I need to decompress some zlib compressed files found within a game's save data. I have no access to the game's source. Each file begins with 0x789C
which tells me that they are indeed compressed with zlib. However, all calls to inflate on these files fail to decompress fully and return Z_DATA_ERROR
. Using zlib version 1.2.5, 1.2.8, and 1.2.11 with identical results.
Even though zlib is telling me the input data is corrupt, I'm confident that it is not since the game is able to decompress these files with no issues AND this is not isolated to a single data stream. I have hundreds of thousands of unique data streams compressed the same way and they all throw a Z_DATA_ERROR
somewhere in the middle of the decompression.
Furthermore, the partially decompressed data that IS successfully decompressed, is correct. The output is exactly as expected.
Also, about 10% of the time, zlib WILL decompress the entire file, however the result is not correct. Large chunks of the decompressed data contain the same byte repeated over and over, which tells me it was a false positive.
Here's my decompression code:
//QByteArray is a Qt wrapper for a char *
QByteArray Compression::DecompressData(QByteArray data)
{
QByteArray result;
int ret;
z_stream strm;
static const int CHUNK_SIZE = 1;//set to 1 just for debugging
char out[CHUNK_SIZE];
strm.zalloc = Z_NULL;
strm.zfree = Z_NULL;
strm.opaque = Z_NULL;
strm.avail_in = data.size();
strm.next_in = (Bytef*)(data.data());
ret = inflateInit2(&strm, -15);
if (ret != Z_OK)
{
qDebug() << "init error" << ret;
return QByteArray();
}
do
{
strm.avail_out = CHUNK_SIZE;
strm.next_out = (Bytef*)(out);
ret = inflate(&strm, Z_NO_FLUSH);
qDebug() << "debugging output: " << ret << QString::number(strm.total_in, 16);//This tells me which input byte caused the failure
Q_ASSERT(ret != Z_STREAM_ERROR);
switch (ret)
{
case Z_NEED_DICT:
ret = Z_DATA_ERROR;
case Z_DATA_ERROR:
case Z_MEM_ERROR:
(void)inflateEnd(&strm);
return result;
}
result.append(out, CHUNK_SIZE - strm.avail_out);
} while (strm.avail_out == 0);
inflateEnd(&strm);
return result;
}
Here is a pastebin of an example file's data compressed data with the 0x789C
and trailing CRC removed. I can supply literally endless example files. All of them have the same issue.

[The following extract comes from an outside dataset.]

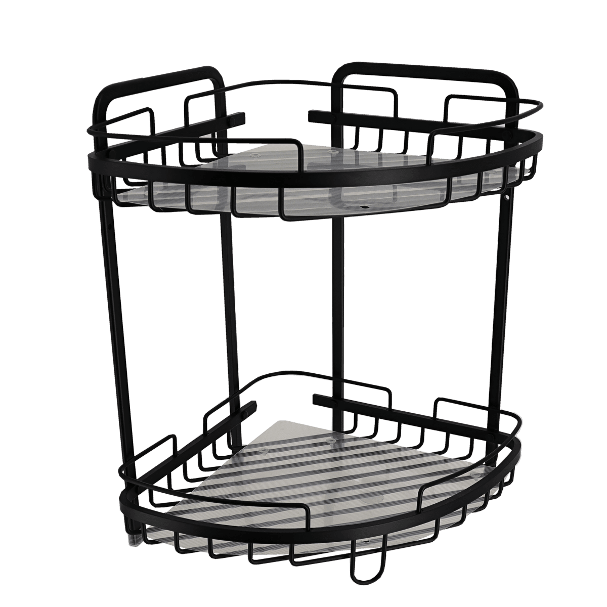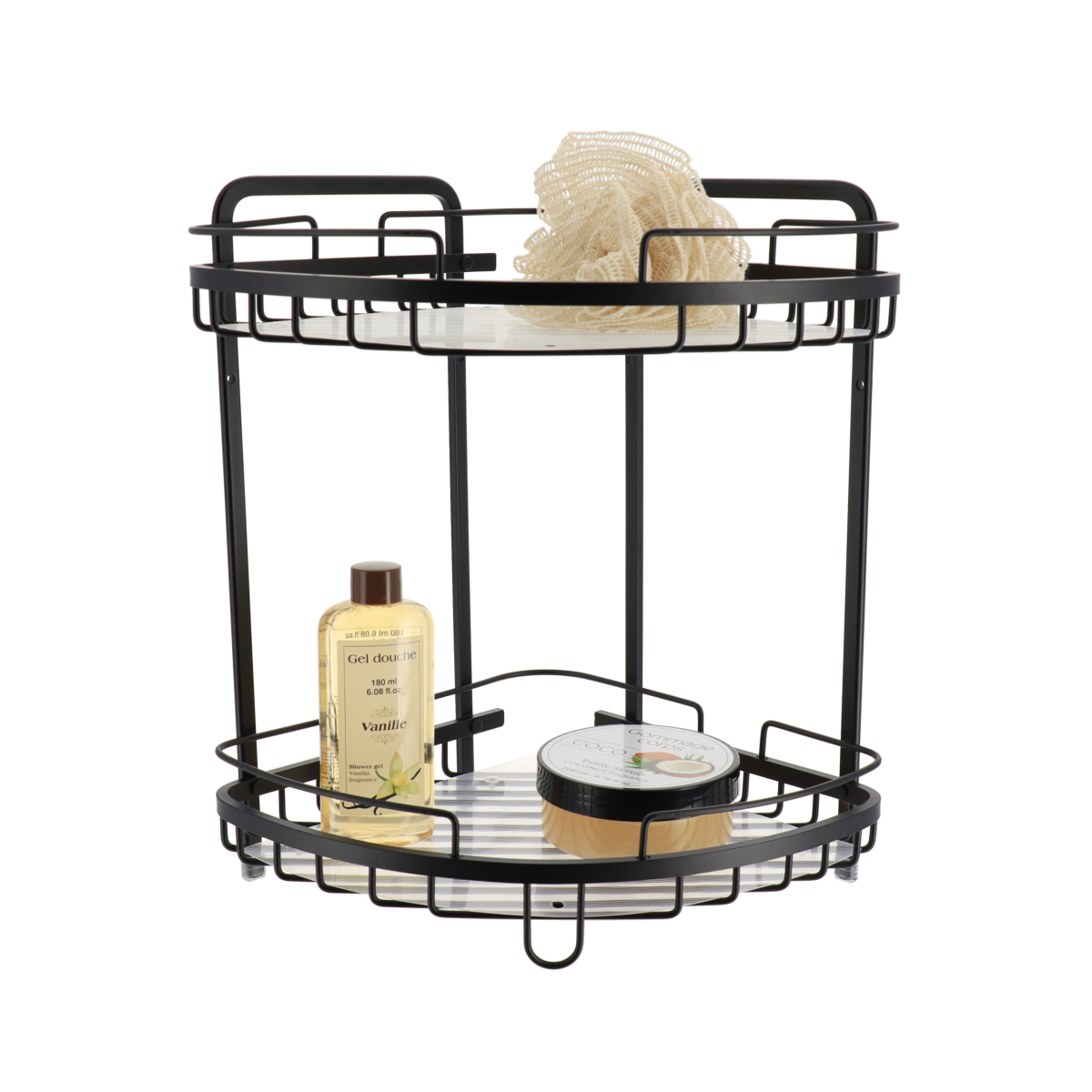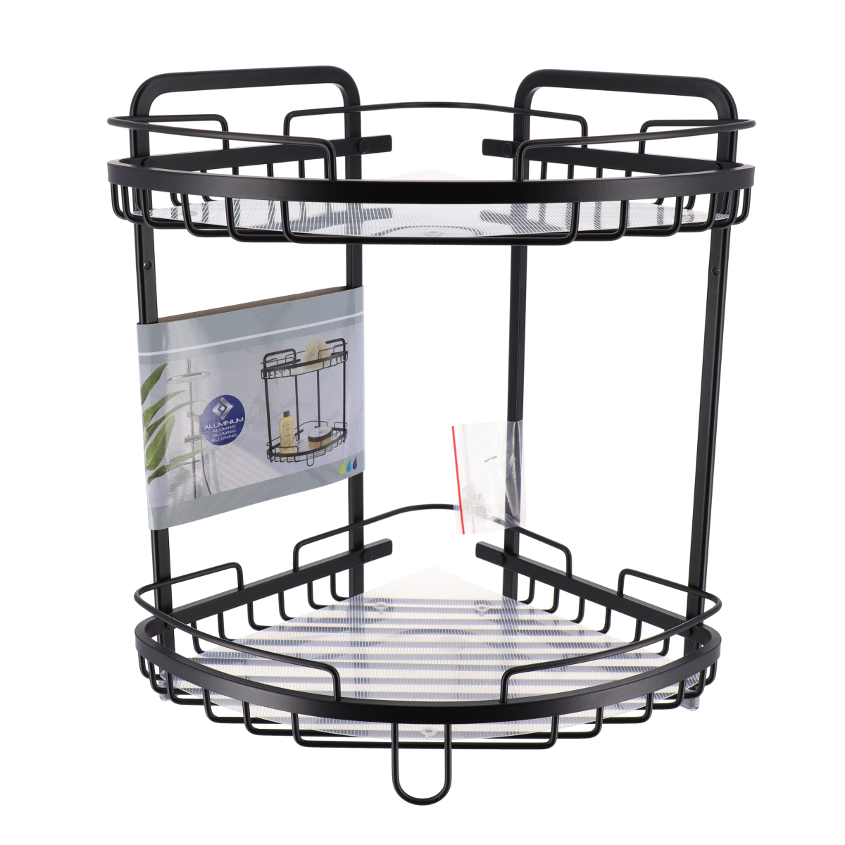 Crna aluminijska košarica za tuš s dvije police pruža dovoljno prostora za organizaciju proizvoda za tuširanje. Moderan dizajn čini je estetski privlačnim dodatkom kupaonici.

Running that data through the above function will decompress the beginning of the stream correctly, but fail on input byte 0x18C
. You can tell it decompressed correctly when the start of the file begins with 0x000B
and the decompressed data is longer than the input data.
I wish I knew more about deflate compression to solve this problem myself. My initial thoughts are that the game has decided to use a custom version of zlib or an extra parameter needs to be given to zlib in order to decompress it correctly. I've asked around and tried many things for days, and I really need someone with knowledge on the subject to weigh in here. Thanks for your time!
The provided data is indeed an invalid deflate stream, both with distances too far back, and eight bytes of junk after the deflate stream has ended. There is nothing apparent wrong with your code.
As you noted, at offset 396 there is the first of ten distances too far back. That's where inflate stops. At offset 3472, almost at the end, there is a stored block with a length that doesn't check against its complement.
For the distances too far, you could try setting a dictionary of 32K zero bytes using inflateSetDictionary()
right after inflateInit2()
. Then the decompression would proceed, filling in the given locations with zeros. That may or may not be what the game is doing. There is no obvious remedy for the stored-block error.
Indeed the game author's may be deliberately messing with you or anyone trying to decompress their internal data, by having modified zlib for their own use.